Scholar Stories: Dra. Flores Carmona

How do you use writing or art in your life?

Writing is healing. In my scholarship and praxis, I weave my lived experience/mi voz with my methodological and pedagogical approaches. Since learning about the testimonio genre, in 1999, I found not only a tool but a process para desahogarme—una herramienta to help me and others release the weight of oppression, an approach to connect across our differences, and a link to connect with and enact solidarity. 

What lessons/teachings from your family, home and/or community do you draw on in your teaching and or scholarship?

I was born in Veracruz, Mexico, raised partly in Puebla, Mexico and crossed the Mexico-U.S. borderlands when I was almost 11 years old. As soon as I learned English, I became the translator, the interpreter, the cultural broker in my family. Since I was 12 years old, I had to learn to interpret, to represent and to speak for/on behalf of my mother. I learned the power of language and the power of knowing how to speak to and with people in positions of power. I also learned to share, to tell our story and to bear witness, I learned to be a testimonialista. 
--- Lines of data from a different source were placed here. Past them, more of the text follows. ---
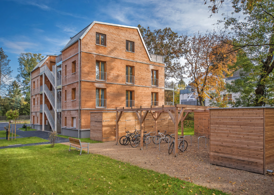 Architecturally, the materials form a symbiosis with the forest behind. The 20 residential units were built according to the KFW 40 standard and each has a balcony or terrace. The apartments of the two residential buildings can be accessed via exterior staircases and arcades.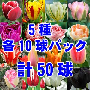 もっとお買い求め安く50球セット登場! 手軽にチューリップ三昧! 5種各10球の合計50球のチューリップをお届け! *お届け地域によっては別途送料がかかる場合があります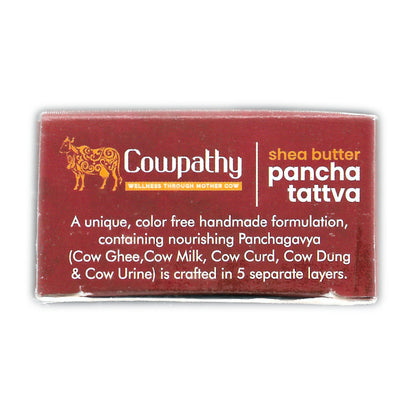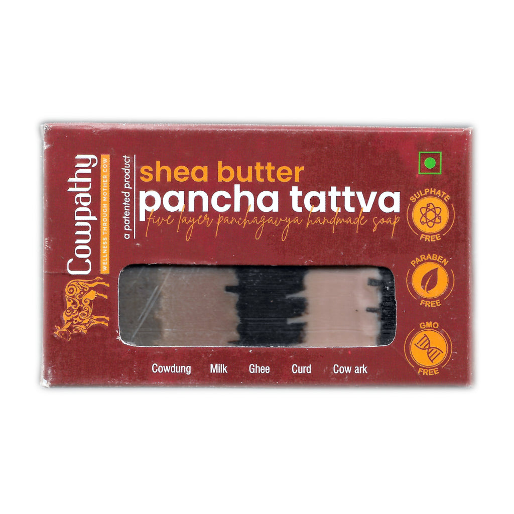 काउपैथी पंच तत्व साबुन 5 अद्वितीय सामग्रियों से तैयार किया गया एक पूर्णतः हस्तनिर्मित साबुन है। गाय के गोबर, दूध, घी, दही और गोमूत्र की अलग-अलग परत। सभी 5 तत्व इस साबुन को बनाने में इस्तेमाल होने वाले साबुन देशी गायों से प्राप्त किए जाते हैं। हस्तनिर्मित साबुन दो अलग-अलग सुगंधों में आता है, शिया बटर और शहद।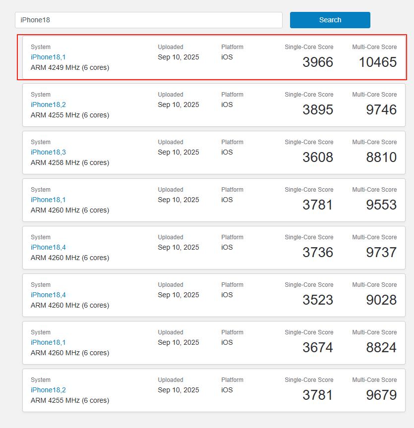 目前相关跑分已经大量的出现在了Geekbench6.0的数据库中,截图如下:目前跑分最高的是单核3966,多核10465分(Geekbench 6)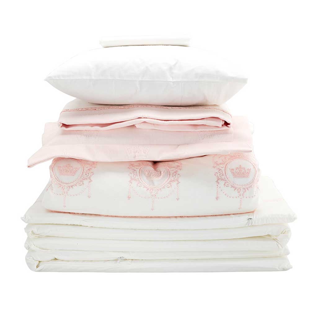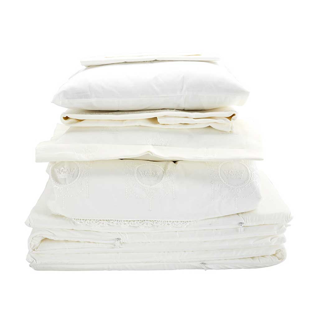 شامل: کاور لحاف گلدوزی شده، ملحفه، روبالشی ساده، روبالشی گلدوزی شده، دور تختی گلدوزی شده (2 عدد)
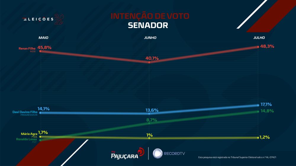 Para senador, Renan Filho (MDB) continua liderando com folga, agora com 48,3% das intenções de voto; seguido por Davi Davino Filho, do Progressista, 17,1%. Ronaldo Lessa (PDT) aparece em terceiro, com 14,8%. Brancos e nulos, e não votariam em nenhum dos candidatos apresentados, 13,2%, Não sabe, não respondeu, 5,4%. Veja os números: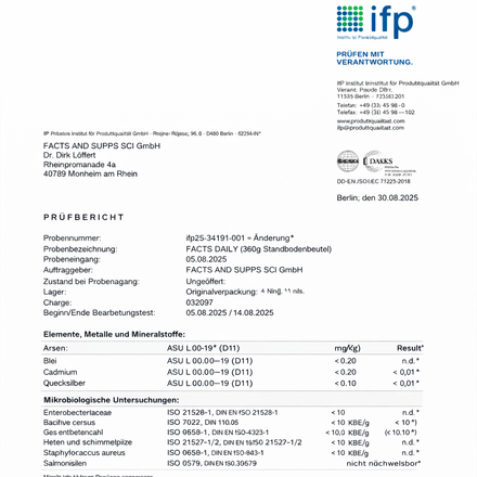 Die Daten. Wir finden: Du solltest sehen, was wir sehen. Unten findest du die neuesten unabhängigen Analysezertifikate vom IfP Institut für Produktqualität.
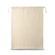 Beutel aus 100% Baumwolle (120 g/m²) mit Netzgewebe auf der Vorderseite (100 g/m²), Kordeln aus Baumwolle. Ideal für Lebensmittel. 300 x 400 mm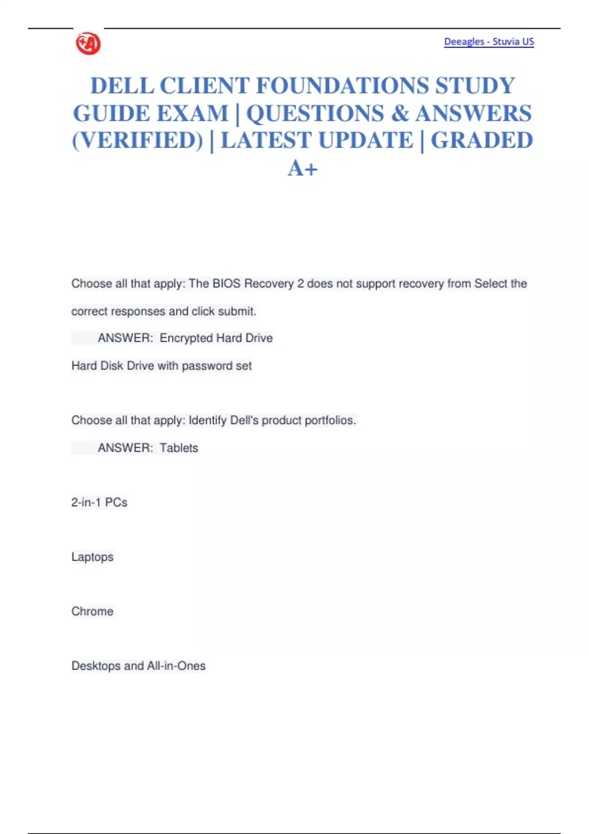 DELL CLIENT FOUNDATIONS STUDY GUIDE EXAM | QUESTIONS & ANSWERS (VERIFIED) | LATEST UPDATE | GRADED A+

What would you tell your younger self?

I would tell her to aspire, to dream, to persist. Yes, there are institutional barriers but there are also many allies willing to help—to lend a hand and use their privilege to help you thrive. I would tell her to not despair, to always have esperanza/hope.

Advice for new scholars and/or teachers?

Your story matters, your work is needed in educational spaces. You have a lot to offer and we have a lot of work to do, in our comunidades and in society.